> **EXERCISE GOAL**
Pictures aside, repeat all the entries below exactly as they appear.

> **PROVIDED RECORDS**
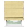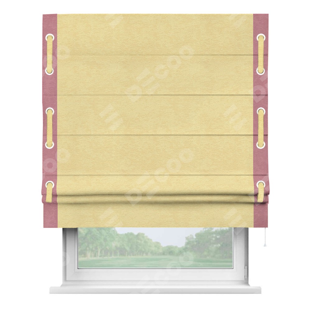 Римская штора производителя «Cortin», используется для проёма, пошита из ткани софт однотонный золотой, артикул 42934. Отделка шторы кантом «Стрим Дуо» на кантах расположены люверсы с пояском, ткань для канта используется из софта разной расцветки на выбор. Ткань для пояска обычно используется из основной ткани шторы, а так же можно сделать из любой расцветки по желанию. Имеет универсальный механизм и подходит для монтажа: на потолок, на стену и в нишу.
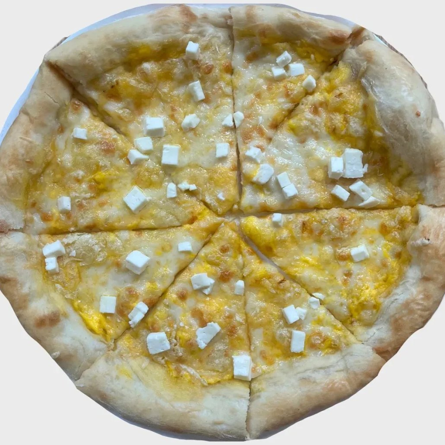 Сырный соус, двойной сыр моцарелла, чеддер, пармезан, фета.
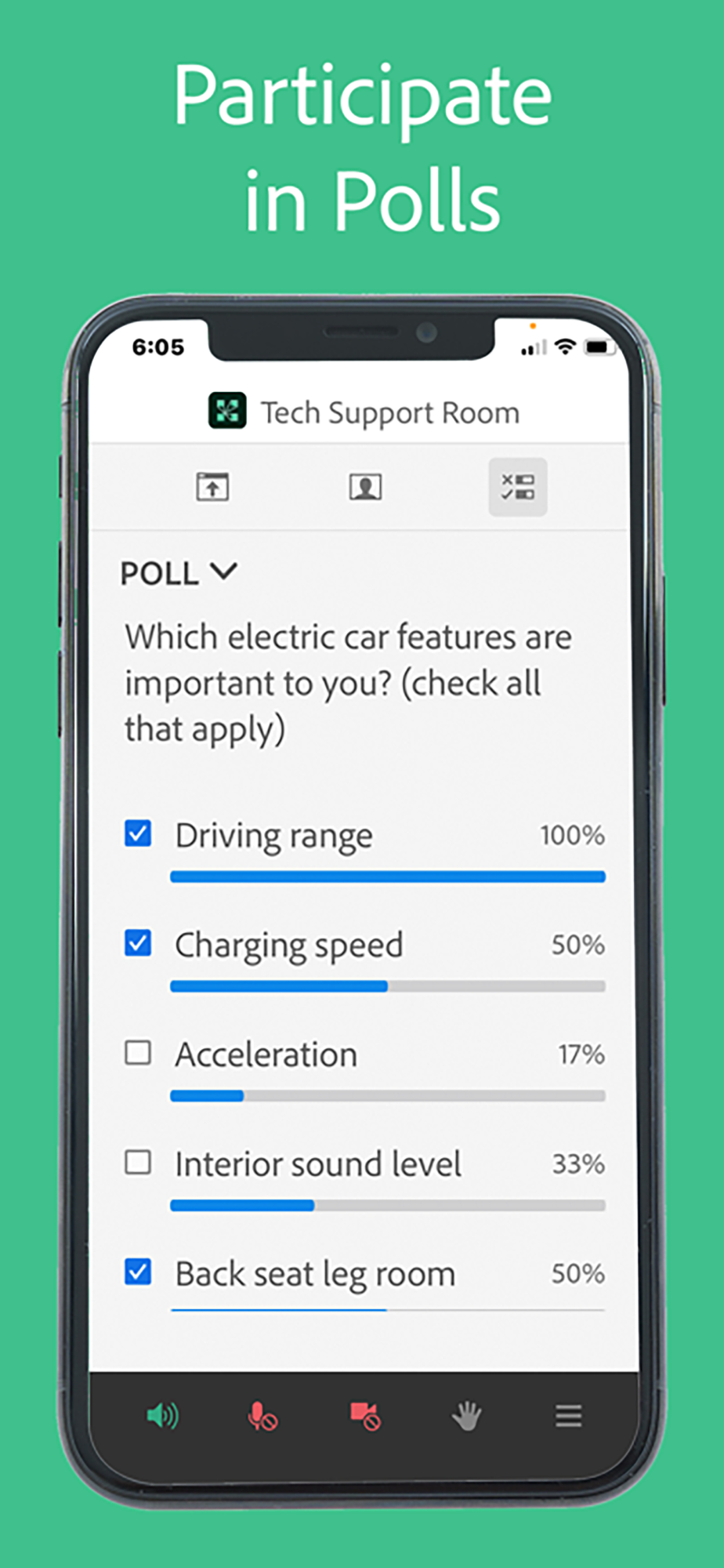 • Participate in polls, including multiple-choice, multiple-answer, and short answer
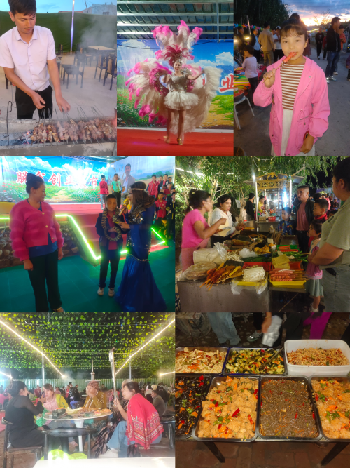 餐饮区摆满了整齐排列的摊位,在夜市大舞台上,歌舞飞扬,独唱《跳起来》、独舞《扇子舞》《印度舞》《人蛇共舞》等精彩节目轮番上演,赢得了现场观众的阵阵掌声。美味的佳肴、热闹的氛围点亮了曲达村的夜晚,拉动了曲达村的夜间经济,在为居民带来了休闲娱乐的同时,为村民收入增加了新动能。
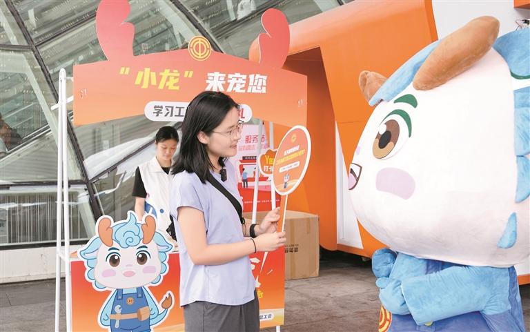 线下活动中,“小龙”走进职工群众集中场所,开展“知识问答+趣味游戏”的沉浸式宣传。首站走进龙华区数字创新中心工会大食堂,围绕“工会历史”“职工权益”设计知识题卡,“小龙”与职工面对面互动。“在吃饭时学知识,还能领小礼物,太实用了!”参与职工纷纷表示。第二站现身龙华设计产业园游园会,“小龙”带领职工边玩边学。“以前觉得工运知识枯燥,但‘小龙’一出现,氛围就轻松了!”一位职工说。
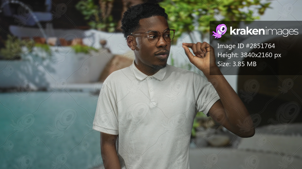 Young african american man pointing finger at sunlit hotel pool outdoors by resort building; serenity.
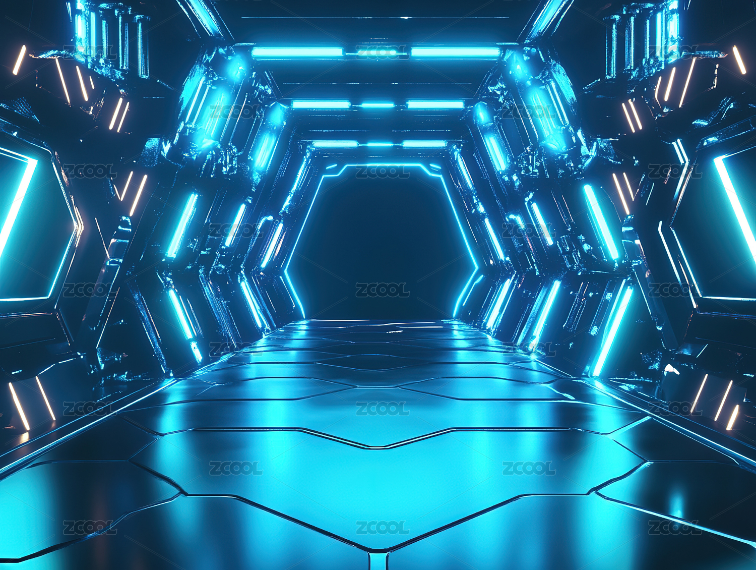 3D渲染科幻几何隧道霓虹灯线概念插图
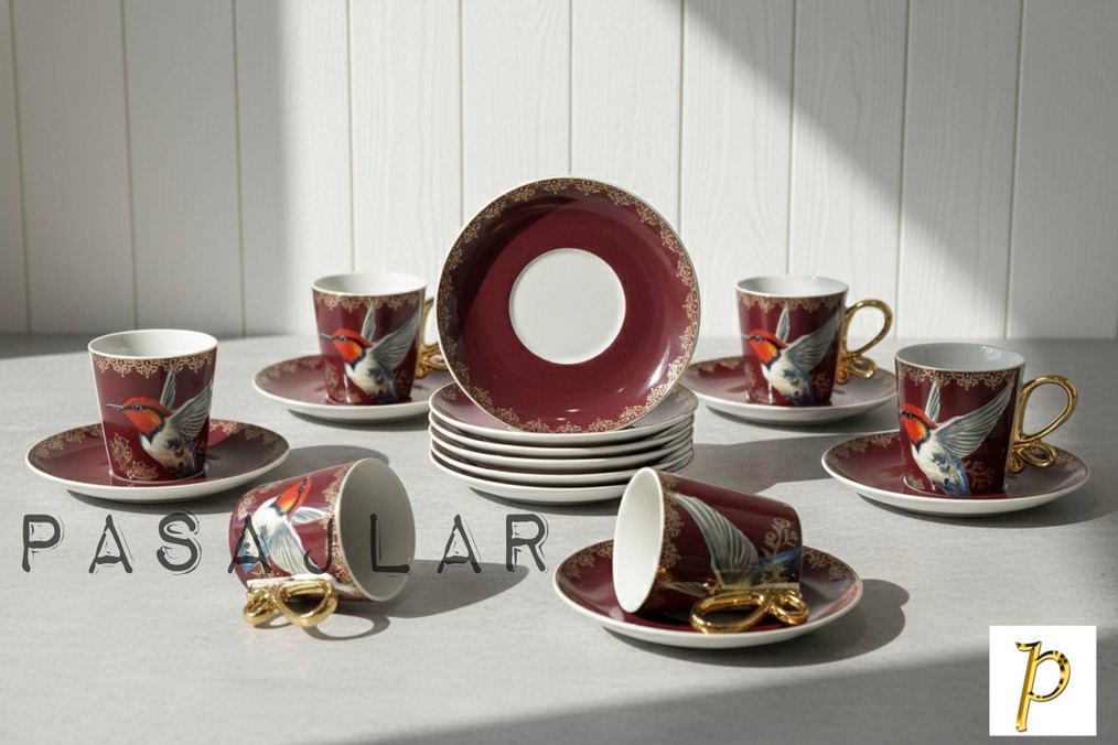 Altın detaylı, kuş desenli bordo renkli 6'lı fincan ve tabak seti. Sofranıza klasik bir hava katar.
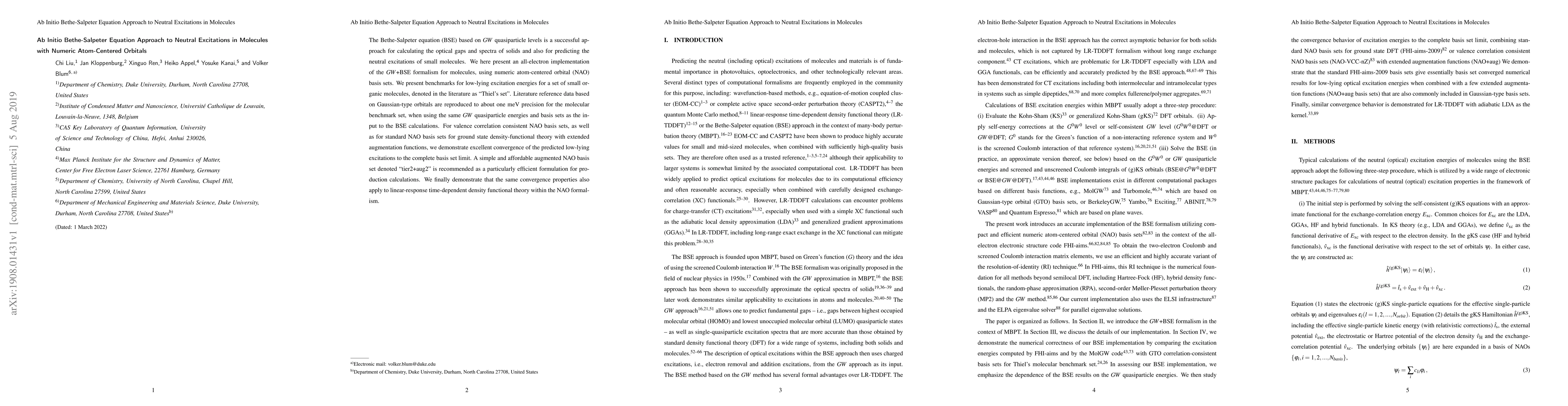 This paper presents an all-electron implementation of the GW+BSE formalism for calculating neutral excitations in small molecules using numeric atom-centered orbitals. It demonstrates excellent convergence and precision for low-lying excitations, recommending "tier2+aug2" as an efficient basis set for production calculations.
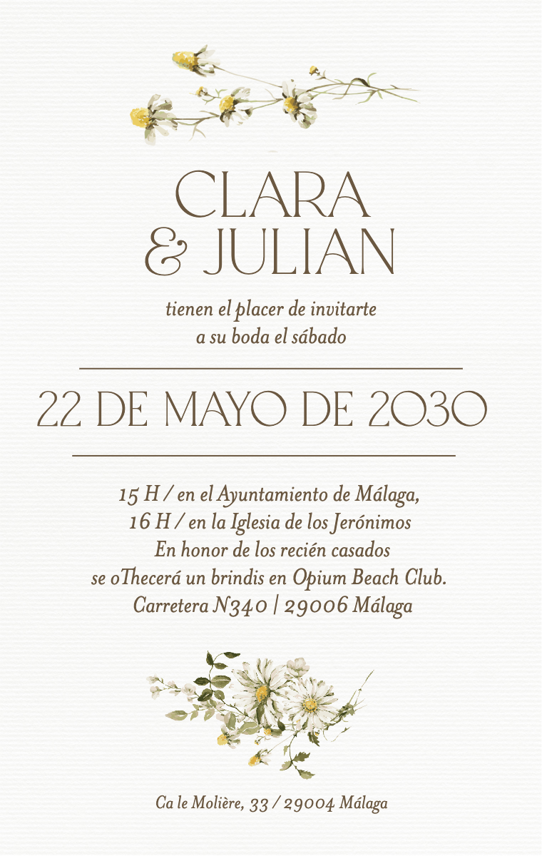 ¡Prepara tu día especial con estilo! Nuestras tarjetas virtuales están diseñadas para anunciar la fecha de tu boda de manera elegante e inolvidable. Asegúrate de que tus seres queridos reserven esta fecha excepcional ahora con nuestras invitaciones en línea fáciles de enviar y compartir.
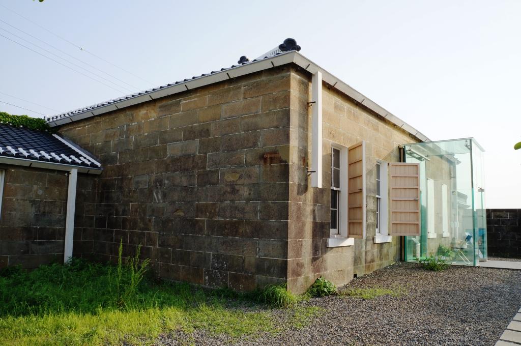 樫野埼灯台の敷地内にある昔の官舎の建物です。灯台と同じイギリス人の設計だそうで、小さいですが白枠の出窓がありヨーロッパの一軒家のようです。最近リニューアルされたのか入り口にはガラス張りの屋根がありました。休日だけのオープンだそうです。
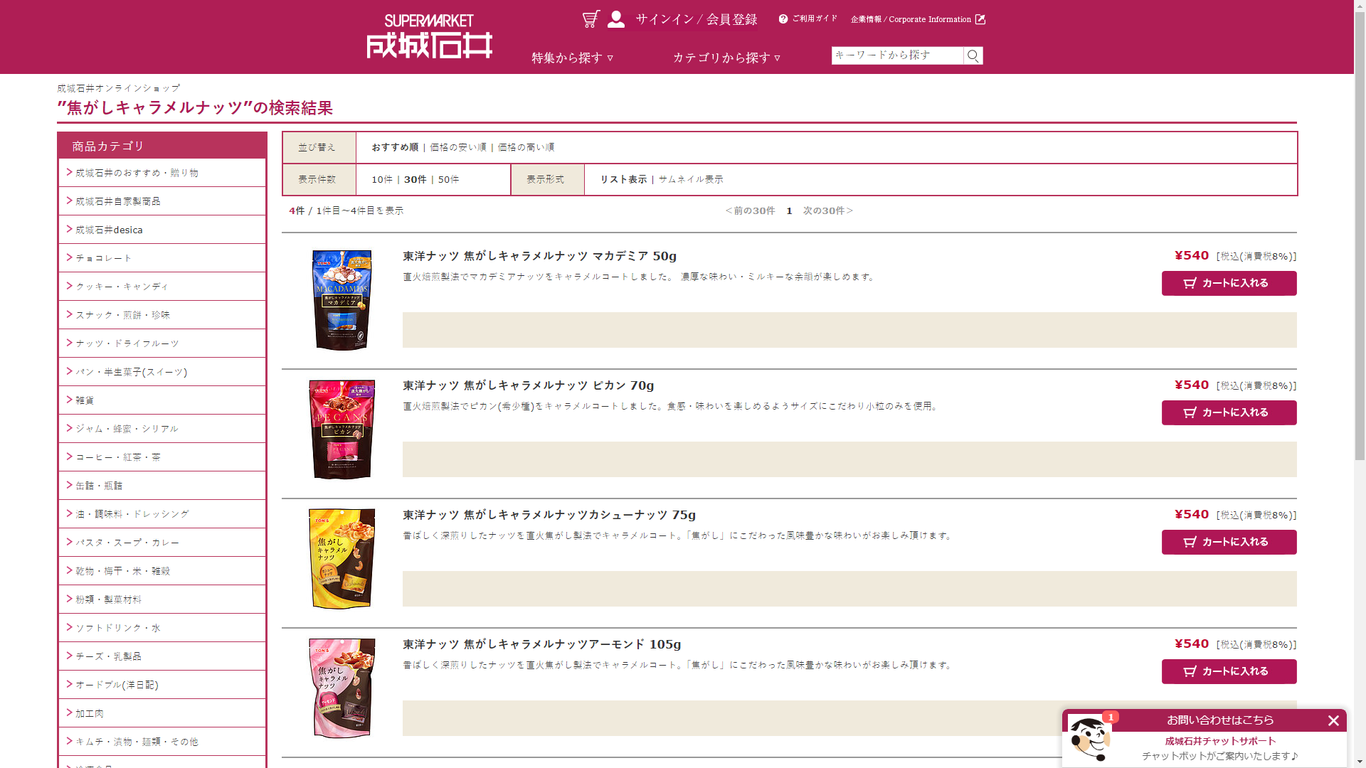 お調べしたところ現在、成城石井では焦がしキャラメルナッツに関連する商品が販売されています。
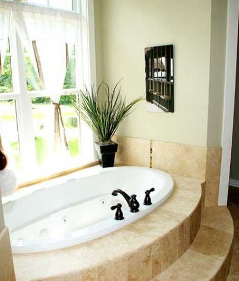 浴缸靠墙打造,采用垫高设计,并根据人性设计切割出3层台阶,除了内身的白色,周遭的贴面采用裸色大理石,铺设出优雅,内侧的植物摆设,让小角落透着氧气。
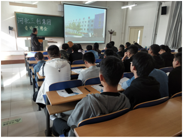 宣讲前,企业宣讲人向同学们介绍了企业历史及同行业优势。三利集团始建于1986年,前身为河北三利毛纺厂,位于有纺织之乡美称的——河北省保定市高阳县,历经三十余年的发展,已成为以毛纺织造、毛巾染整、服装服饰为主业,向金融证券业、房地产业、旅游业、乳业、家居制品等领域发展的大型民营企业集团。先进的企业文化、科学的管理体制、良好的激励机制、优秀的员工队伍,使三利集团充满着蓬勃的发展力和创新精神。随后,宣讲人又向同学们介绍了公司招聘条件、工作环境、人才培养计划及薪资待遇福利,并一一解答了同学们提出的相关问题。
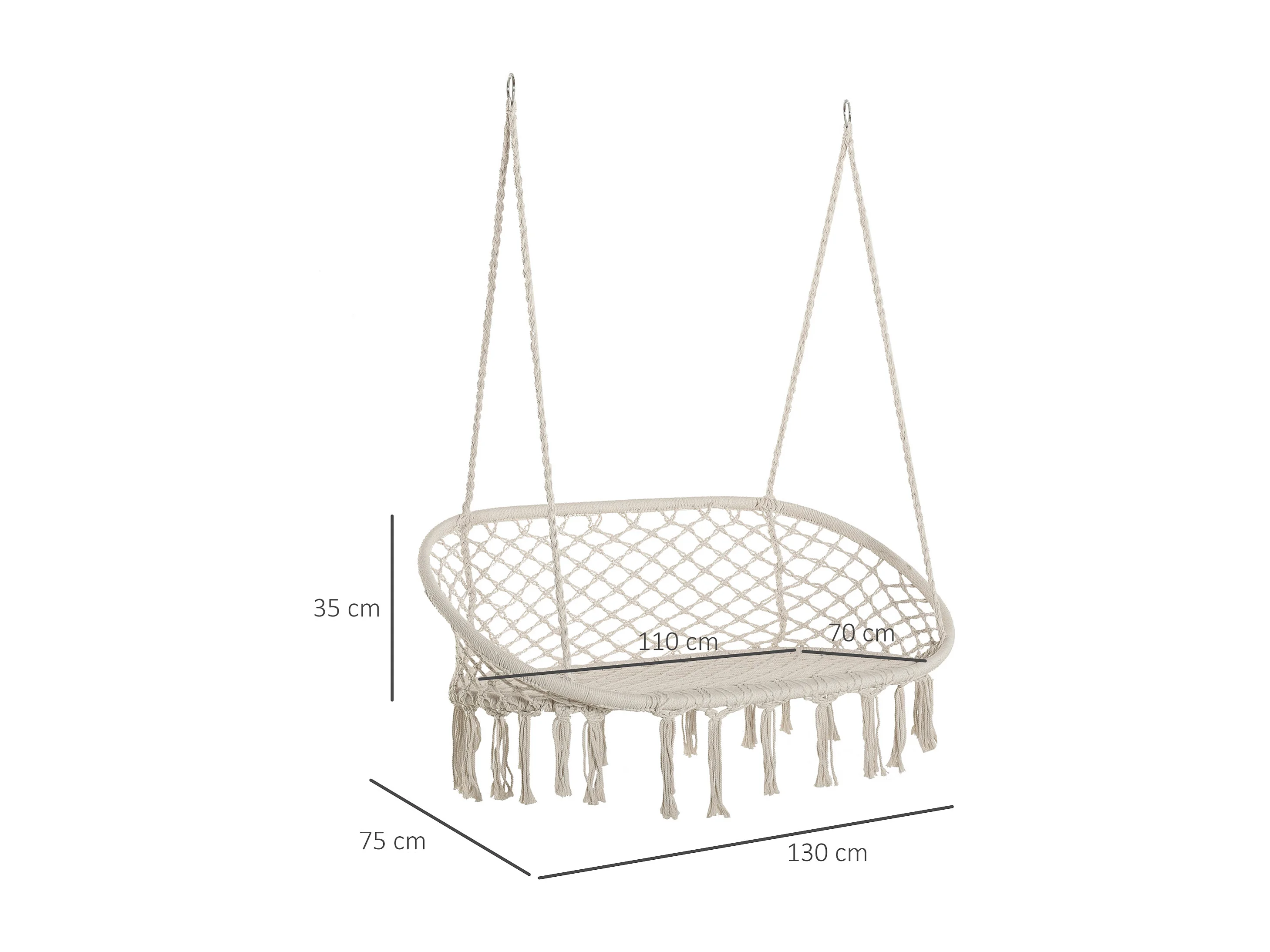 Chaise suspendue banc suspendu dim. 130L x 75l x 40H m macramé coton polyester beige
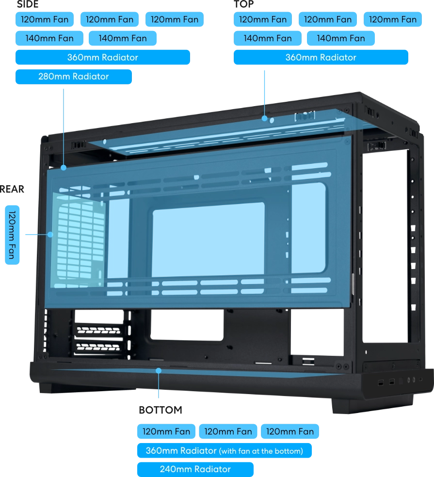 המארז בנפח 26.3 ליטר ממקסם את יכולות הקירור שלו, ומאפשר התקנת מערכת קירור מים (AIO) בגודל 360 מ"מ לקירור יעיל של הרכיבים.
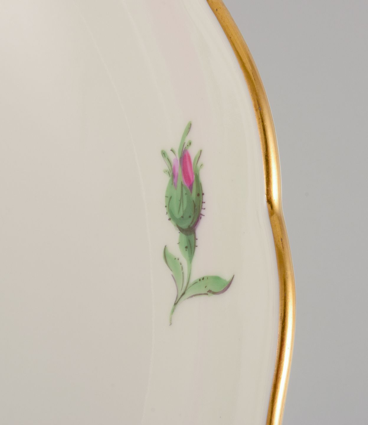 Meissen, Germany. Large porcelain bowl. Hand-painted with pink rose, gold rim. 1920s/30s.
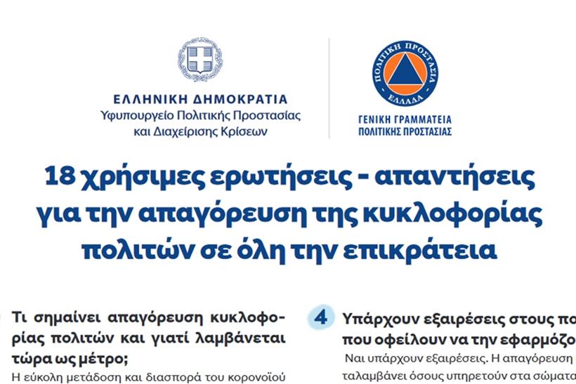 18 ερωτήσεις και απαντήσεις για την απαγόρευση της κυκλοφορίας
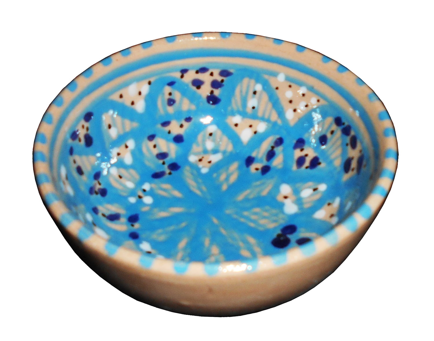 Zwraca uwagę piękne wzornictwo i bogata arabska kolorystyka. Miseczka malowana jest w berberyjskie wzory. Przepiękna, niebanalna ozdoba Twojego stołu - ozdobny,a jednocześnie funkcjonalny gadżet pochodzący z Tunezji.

> **WRITTEN SOLUTION**
 Римская штора производителя «Cortin», используется для проёма, пошита из ткани софт однотонный золотой, артикул 42934. Отделка шторы кантом «Стрим Дуо» на кантах расположены люверсы с пояском, ткань для канта используется из софта разной расцветки на выбор. Ткань для пояска обычно используется из основной ткани шторы, а так же можно сделать из любой расцветки по желанию. Имеет универсальный механизм и подходит для монтажа: на потолок, на стену и в нишу.
 Сырный соус, двойной сыр моцарелла, чеддер, пармезан, фета.
 • Participate in polls, including multiple-choice, multiple-answer, and short answer
 餐饮区摆满了整齐排列的摊位,在夜市大舞台上,歌舞飞扬,独唱《跳起来》、独舞《扇子舞》《印度舞》《人蛇共舞》等精彩节目轮番上演,赢得了现场观众的阵阵掌声。美味的佳肴、热闹的氛围点亮了曲达村的夜晚,拉动了曲达村的夜间经济,在为居民带来了休闲娱乐的同时,为村民收入增加了新动能。
 线下活动中,“小龙”走进职工群众集中场所,开展“知识问答+趣味游戏”的沉浸式宣传。首站走进龙华区数字创新中心工会大食堂,围绕“工会历史”“职工权益”设计知识题卡,“小龙”与职工面对面互动。“在吃饭时学知识,还能领小礼物,太实用了!”参与职工纷纷表示。第二站现身龙华设计产业园游园会,“小龙”带领职工边玩边学。“以前觉得工运知识枯燥,但‘小龙’一出现,氛围就轻松了!”一位职工说。
 Young african american man pointing finger at sunlit hotel pool outdoors by resort building; serenity.
 3D渲染科幻几何隧道霓虹灯线概念插图
 Altın detaylı, kuş desenli bordo renkli 6'lı fincan ve tabak seti. Sofranıza klasik bir hava katar.
 This paper presents an all-electron implementation of the GW+BSE formalism for calculating neutral excitations in small molecules using numeric atom-centered orbitals. It demonstrates excellent convergence and precision for low-lying excitations, recommending "tier2+aug2" as an efficient basis set for production calculations.
 ¡Prepara tu día especial con estilo! Nuestras tarjetas virtuales están diseñadas para anunciar la fecha de tu boda de manera elegante e inolvidable. Asegúrate de que tus seres queridos reserven esta fecha excepcional ahora con nuestras invitaciones en línea fáciles de enviar y compartir.
 樫野埼灯台の敷地内にある昔の官舎の建物です。灯台と同じイギリス人の設計だそうで、小さいですが白枠の出窓がありヨーロッパの一軒家のようです。最近リニューアルされたのか入り口にはガラス張りの屋根がありました。休日だけのオープンだそうです。
 お調べしたところ現在、成城石井では焦がしキャラメルナッツに関連する商品が販売されています。
 浴缸靠墙打造,采用垫高设计,并根据人性设计切割出3层台阶,除了内身的白色,周遭的贴面采用裸色大理石,铺设出优雅,内侧的植物摆设,让小角落透着氧气。
 宣讲前,企业宣讲人向同学们介绍了企业历史及同行业优势。三利集团始建于1986年,前身为河北三利毛纺厂,位于有纺织之乡美称的——河北省保定市高阳县,历经三十余年的发展,已成为以毛纺织造、毛巾染整、服装服饰为主业,向金融证券业、房地产业、旅游业、乳业、家居制品等领域发展的大型民营企业集团。先进的企业文化、科学的管理体制、良好的激励机制、优秀的员工队伍,使三利集团充满着蓬勃的发展力和创新精神。随后,宣讲人又向同学们介绍了公司招聘条件、工作环境、人才培养计划及薪资待遇福利,并一一解答了同学们提出的相关问题。
 Chaise suspendue banc suspendu dim. 130L x 75l x 40H m macramé coton polyester beige
 המארז בנפח 26.3 ליטר ממקסם את יכולות הקירור שלו, ומאפשר התקנת מערכת קירור מים (AIO) בגודל 360 מ"מ לקירור יעיל של הרכיבים.
 Meissen, Germany. Large porcelain bowl. Hand-painted with pink rose, gold rim. 1920s/30s.
 18 ερωτήσεις και απαντήσεις για την απαγόρευση της κυκλοφορίας
 Zwraca uwagę piękne wzornictwo i bogata arabska kolorystyka. Miseczka malowana jest w berberyjskie wzory. Przepiękna, niebanalna ozdoba Twojego stołu - ozdobny,a jednocześnie funkcjonalny gadżet pochodzący z Tunezji.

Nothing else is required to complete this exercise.